In the paper " How do neurons operate on sparse distributed representations? A mathematical theory of sparsity, neurons and active dendrites," figures 5A & B and 6 are directly related to the question of SDR size and reliability of the representation. Both the size of the SDR and the number of bits sampled and the relationship to the accuracy of both positive and false-positive cases are probed.
The accompanying text essentially outlines that the performance goes up as SDR length is increased more than it does for increasing the number of message bits in that SDR. A sweet-spot is described where the error performance was better than 10^9. In the discussion, it was explained that there is a point of diminishing returns where more than a certain number does not add very much to the performance.
Executive summary: very small SDRs will have worse performance. Adding more “on” bits to that small network does not help.
That is the underlying math on the selection of SDR size. There are practical concerns with implementation. As Martin pointed out, the models that are practical are rather limited in scope compared to the number of columns needed to exhibit the theoretical behaviors observed in the wetware. Various band-aids are employed such as “boosting” and “fully connecting” the arrays to get the models to do anything.
None of the models I have looked at are large enough to demonstrate topologic behavior. The is a key in-vivo behavior documented by researchers such as Moser. The topology switch in the models just controls how the cells are interconnected locally. All the models I have looked at have to have topology turned off to work at all - they are fully connected. All cells sample all other cells in the model.
Without being to duplicate and manipulate what the brain does there limited capability to test theories on how the wetware is doing what it does. When Jeff says that we really don’t know how this stuff works he is correct. I have read many papers with subtle variations on how the cells interact in the CC and even tiny changes lead to major shifts in the proposed mechanisms.

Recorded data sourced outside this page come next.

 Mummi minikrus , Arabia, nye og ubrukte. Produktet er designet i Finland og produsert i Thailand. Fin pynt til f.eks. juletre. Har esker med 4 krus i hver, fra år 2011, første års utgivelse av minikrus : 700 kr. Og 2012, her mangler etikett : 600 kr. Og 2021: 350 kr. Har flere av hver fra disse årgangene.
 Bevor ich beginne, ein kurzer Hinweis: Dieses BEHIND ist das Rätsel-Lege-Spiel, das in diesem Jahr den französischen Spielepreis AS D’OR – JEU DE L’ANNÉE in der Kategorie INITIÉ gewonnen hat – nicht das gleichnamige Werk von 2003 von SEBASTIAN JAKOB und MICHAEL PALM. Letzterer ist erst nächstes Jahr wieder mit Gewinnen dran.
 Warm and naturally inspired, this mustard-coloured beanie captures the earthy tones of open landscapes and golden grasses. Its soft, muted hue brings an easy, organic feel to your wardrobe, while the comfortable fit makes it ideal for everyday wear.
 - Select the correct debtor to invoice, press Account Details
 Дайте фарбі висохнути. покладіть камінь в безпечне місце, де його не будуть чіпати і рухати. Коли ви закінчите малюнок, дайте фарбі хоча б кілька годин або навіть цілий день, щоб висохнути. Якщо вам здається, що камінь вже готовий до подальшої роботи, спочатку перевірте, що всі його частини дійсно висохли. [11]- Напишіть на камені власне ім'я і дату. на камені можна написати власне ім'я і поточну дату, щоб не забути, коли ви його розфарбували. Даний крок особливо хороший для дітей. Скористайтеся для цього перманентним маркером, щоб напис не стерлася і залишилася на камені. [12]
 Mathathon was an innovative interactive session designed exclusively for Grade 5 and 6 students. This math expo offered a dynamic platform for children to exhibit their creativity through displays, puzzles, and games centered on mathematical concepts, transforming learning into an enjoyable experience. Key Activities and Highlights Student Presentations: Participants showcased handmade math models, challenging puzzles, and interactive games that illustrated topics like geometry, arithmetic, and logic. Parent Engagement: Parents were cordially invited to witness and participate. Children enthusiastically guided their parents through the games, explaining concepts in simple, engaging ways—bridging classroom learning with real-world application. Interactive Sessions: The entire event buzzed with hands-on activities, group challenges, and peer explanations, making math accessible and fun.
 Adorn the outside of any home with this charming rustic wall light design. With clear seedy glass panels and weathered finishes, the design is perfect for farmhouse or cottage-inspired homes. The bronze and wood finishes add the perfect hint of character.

There is some convergence on possible mechanisms driven by better in-vivo probing and recording technology but having a high fidelity simulation would be very helpful in sorting out what is going on.

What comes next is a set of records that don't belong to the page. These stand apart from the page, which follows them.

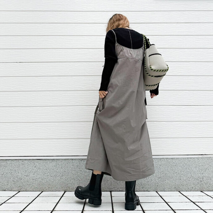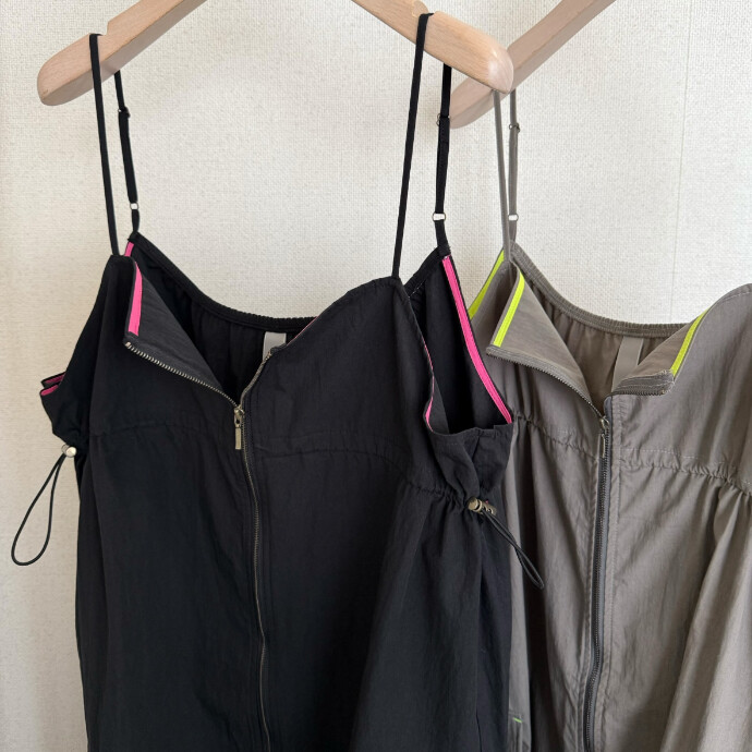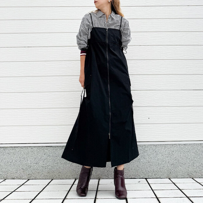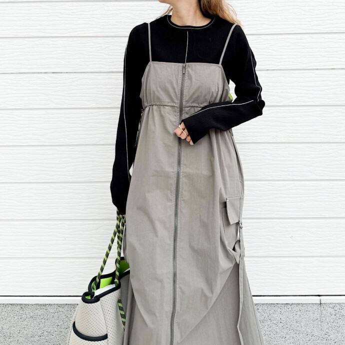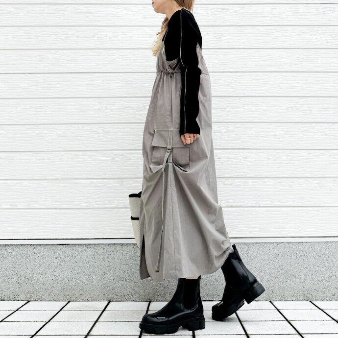 カーゴディティールとワークテイストが今年っぽいキャミワンピースです。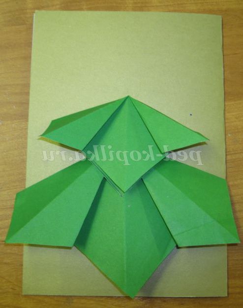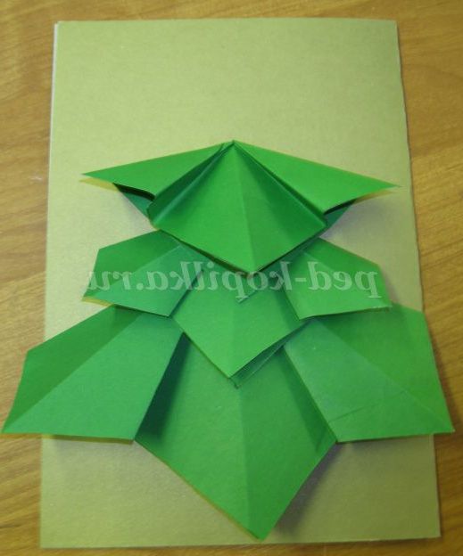 Заключний етап складання ялинки - приклеюємо верхівку з квадрата 6х6 див.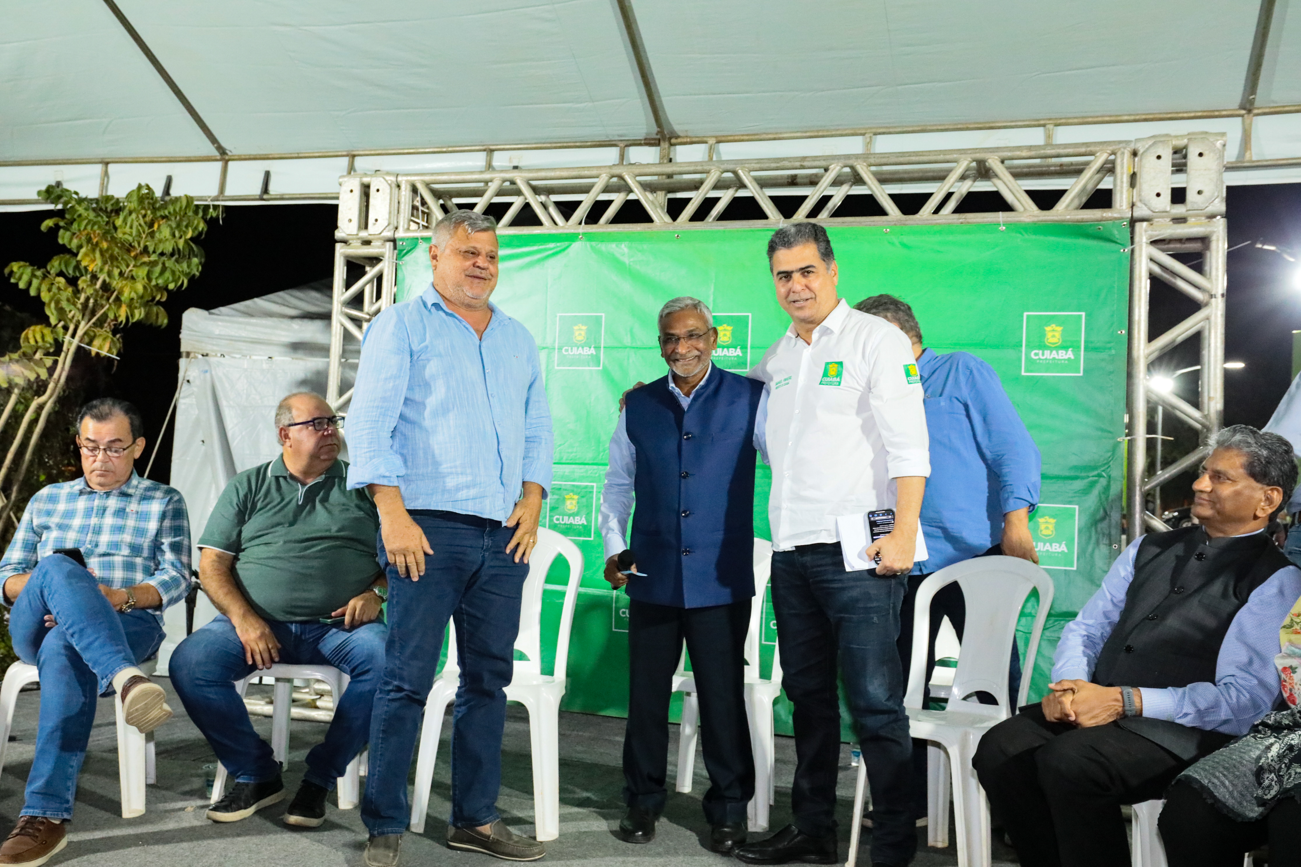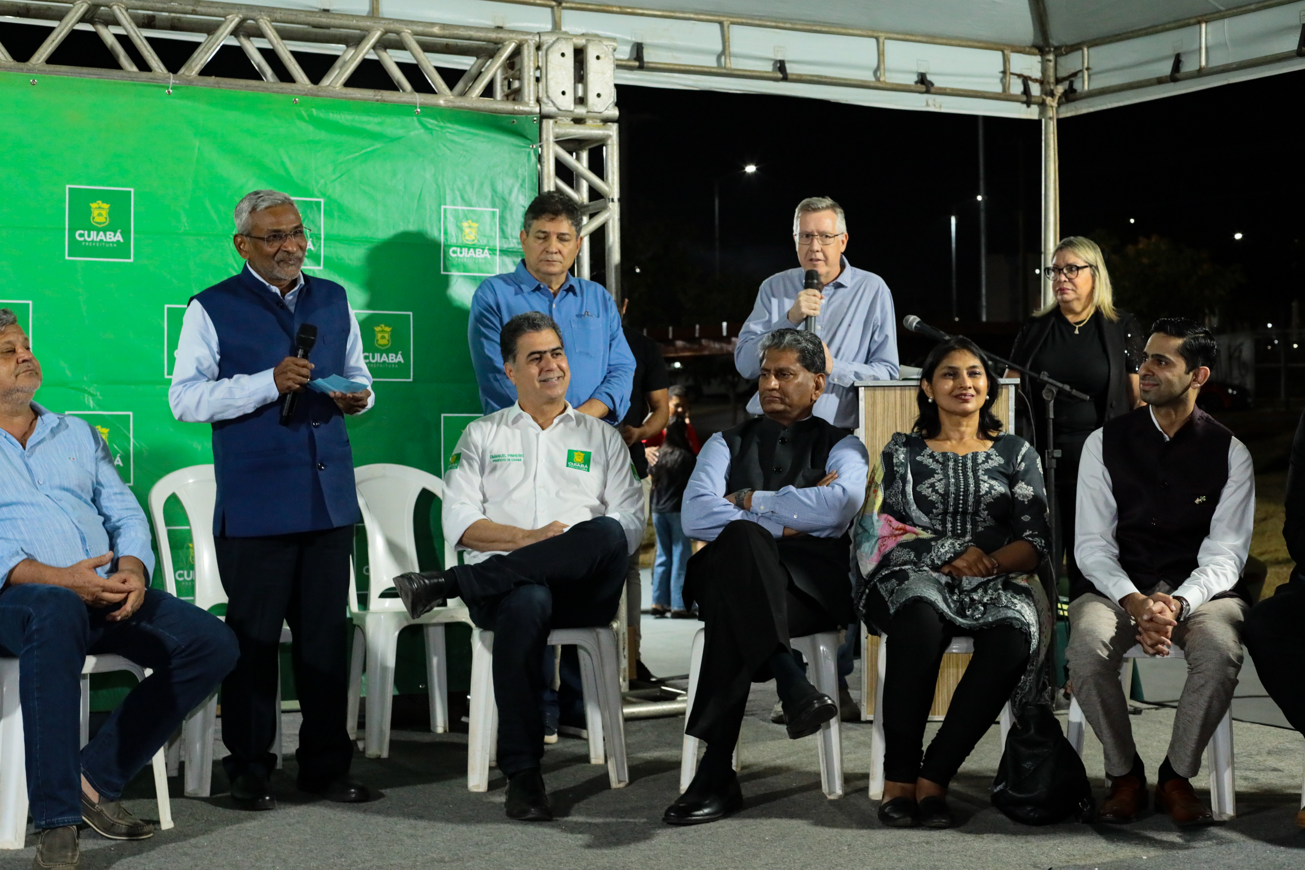Durante a solenidade, o prefeito Emanuel Pinheiro entregou um título de cidadão cuiabano ao Dr. Umesh Mukhi, indiano residente na capital e representante do povo indiano em Cuiabá.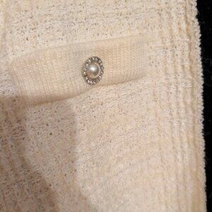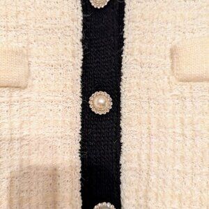 This beautiful Chanel dupe tweed cardigan features crystal button embellishments and a contrasting trim. Pair with trousers or matching tweed skirts, silk camis, and pearls or gold jewelry for the perfect Quiet Luxury look!

There is a threshold below which the networks don’t do very much at all. I don’t know what that threshold is. Small (toy?) networks do “something” but I don’t know if they actually convey any useful understanding of what the brain is doing or how it does it. The hot gym model shows a type of learning but it a very far bridge to get from there to a deeper understanding of how that builds to things like the formation of Gabor filters in the V1 region.
Without the interactions that come from larger models, the investigation of the CC by itself is useless - the large-scale interactions with other cells is missing and you have no way of knowing if it is working. We can tweak how the CC works in these tiny models but that may end up being exactly the wrong thing when the model is increased in size. We just don’t know because we can’t test the ideas.
I expect that as the technology to do the simulations get better the band-aids won’t be needed and the emulation of the wetware will get good enough that we will start to see a better agreement with what has been observed in the wetware. We seem to be very far from that now.